- What the exercise asks -
Please transcribe the data that follows exactly, from its first line through the line that contains "00Cr25Ni7Mo4N不銹鋼管化學(xué)成分和顯微組織 00Cr25Ni7Mo4N化學(xué)成分和顯微組織 SAF".

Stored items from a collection

╭──

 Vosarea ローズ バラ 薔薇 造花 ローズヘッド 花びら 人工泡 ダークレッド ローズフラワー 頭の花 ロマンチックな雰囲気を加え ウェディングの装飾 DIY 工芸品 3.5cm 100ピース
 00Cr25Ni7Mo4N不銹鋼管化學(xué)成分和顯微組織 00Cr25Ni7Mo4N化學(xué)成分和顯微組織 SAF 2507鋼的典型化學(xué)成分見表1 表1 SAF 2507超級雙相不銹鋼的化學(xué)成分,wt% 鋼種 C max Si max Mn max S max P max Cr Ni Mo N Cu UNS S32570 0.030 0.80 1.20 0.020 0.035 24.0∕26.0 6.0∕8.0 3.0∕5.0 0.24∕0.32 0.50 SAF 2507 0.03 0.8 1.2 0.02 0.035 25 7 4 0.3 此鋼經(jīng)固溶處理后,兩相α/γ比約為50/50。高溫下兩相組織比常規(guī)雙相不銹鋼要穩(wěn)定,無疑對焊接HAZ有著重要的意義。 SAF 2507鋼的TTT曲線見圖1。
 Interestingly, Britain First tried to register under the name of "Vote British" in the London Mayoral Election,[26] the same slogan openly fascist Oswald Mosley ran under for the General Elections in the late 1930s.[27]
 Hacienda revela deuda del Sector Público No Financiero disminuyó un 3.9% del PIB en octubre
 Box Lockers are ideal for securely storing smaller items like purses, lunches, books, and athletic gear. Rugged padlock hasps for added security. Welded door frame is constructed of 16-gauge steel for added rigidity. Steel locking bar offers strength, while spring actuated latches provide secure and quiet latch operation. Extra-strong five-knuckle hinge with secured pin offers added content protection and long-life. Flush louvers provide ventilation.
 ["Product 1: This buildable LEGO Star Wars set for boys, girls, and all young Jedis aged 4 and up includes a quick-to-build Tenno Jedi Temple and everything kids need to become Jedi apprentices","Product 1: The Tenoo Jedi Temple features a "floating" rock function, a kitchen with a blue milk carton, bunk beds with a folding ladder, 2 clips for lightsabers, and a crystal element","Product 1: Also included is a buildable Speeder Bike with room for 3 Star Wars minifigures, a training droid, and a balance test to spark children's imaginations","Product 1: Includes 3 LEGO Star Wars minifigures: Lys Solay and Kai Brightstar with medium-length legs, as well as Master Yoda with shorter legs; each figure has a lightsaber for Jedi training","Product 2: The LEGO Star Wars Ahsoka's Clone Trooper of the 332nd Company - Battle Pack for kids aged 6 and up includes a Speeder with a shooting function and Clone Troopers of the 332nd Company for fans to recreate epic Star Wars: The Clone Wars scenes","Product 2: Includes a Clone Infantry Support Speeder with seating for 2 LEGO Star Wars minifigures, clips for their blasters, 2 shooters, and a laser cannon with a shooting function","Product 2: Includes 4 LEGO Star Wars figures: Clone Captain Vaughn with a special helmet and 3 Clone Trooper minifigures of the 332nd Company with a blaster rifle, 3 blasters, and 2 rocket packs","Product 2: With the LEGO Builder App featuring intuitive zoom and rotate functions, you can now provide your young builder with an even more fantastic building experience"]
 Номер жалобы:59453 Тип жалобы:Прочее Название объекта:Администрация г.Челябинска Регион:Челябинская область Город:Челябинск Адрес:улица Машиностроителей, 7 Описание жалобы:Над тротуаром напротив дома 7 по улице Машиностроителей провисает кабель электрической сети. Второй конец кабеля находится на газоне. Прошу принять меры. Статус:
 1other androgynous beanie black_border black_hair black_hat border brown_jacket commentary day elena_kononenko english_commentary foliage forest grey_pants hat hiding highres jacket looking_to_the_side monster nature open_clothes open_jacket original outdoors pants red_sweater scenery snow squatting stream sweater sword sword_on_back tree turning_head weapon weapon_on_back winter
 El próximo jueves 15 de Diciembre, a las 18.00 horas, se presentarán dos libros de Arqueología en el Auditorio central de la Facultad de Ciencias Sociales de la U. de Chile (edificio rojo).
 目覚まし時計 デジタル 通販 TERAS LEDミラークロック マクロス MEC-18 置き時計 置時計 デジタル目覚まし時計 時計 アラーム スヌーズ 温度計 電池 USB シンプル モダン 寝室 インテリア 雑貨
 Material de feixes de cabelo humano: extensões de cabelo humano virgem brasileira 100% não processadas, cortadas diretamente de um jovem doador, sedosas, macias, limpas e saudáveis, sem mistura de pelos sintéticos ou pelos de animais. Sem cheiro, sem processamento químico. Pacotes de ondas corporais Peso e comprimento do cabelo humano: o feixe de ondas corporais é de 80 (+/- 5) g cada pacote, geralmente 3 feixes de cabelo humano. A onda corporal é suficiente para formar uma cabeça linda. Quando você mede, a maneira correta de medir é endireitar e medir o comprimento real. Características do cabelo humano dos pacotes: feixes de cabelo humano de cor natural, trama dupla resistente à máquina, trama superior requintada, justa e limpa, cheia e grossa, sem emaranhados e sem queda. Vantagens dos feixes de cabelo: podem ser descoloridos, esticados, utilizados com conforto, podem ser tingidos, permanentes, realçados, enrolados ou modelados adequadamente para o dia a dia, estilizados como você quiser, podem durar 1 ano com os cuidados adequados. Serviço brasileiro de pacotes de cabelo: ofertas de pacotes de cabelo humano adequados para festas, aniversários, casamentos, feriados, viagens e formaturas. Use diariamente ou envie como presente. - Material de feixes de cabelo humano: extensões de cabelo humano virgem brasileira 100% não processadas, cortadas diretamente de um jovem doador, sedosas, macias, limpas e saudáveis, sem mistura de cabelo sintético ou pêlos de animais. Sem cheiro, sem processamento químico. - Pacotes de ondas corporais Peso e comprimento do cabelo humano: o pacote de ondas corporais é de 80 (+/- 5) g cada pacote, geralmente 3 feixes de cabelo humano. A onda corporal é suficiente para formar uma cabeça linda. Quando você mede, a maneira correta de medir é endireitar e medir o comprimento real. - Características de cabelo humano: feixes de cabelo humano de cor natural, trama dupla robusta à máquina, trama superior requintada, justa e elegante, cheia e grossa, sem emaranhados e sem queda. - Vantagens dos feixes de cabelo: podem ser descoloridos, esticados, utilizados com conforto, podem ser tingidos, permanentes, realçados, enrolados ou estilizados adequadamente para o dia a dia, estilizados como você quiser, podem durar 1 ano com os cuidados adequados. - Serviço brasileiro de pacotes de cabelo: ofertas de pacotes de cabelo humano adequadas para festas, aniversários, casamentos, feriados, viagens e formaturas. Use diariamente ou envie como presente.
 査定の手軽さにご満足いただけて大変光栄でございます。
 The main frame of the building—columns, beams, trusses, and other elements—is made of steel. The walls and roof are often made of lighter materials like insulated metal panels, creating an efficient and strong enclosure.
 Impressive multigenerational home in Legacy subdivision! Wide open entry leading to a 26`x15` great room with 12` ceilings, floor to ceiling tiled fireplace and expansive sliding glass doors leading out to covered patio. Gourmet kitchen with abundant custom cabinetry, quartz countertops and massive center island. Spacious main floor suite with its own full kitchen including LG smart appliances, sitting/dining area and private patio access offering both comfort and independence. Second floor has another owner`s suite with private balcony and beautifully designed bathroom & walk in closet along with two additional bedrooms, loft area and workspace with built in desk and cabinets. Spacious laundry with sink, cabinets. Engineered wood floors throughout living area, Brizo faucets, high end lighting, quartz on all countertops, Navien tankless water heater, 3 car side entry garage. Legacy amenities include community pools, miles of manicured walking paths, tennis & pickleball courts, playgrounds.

╰──

- Your response -
 Vosarea ローズ バラ 薔薇 造花 ローズヘッド 花びら 人工泡 ダークレッド ローズフラワー 頭の花 ロマンチックな雰囲気を加え ウェディングの装飾 DIY 工芸品 3.5cm 100ピース
 00Cr25Ni7Mo4N不銹鋼管化學(xué)成分和顯微組織 00Cr25Ni7Mo4N化學(xué)成分和顯微組織 SAF 2507鋼的典型化學(xué)成分見表1 表1 SAF 2507超級雙相不銹鋼的化學(xué)成分,wt% 鋼種 C max Si max Mn max S max P max Cr Ni Mo N Cu UNS S32570 0.030 0.80 1.20 0.020 0.035 24.0∕26.0 6.0∕8.0 3.0∕5.0 0.24∕0.32 0.50 SAF 2507 0.03 0.8 1.2 0.02 0.035 25 7 4 0.3 此鋼經(jīng)固溶處理后,兩相α/γ比約為50/50。高溫下兩相組織比常規(guī)雙相不銹鋼要穩(wěn)定,無疑對焊接HAZ有著重要的意義。 SAF 2507鋼的TTT曲線見圖1。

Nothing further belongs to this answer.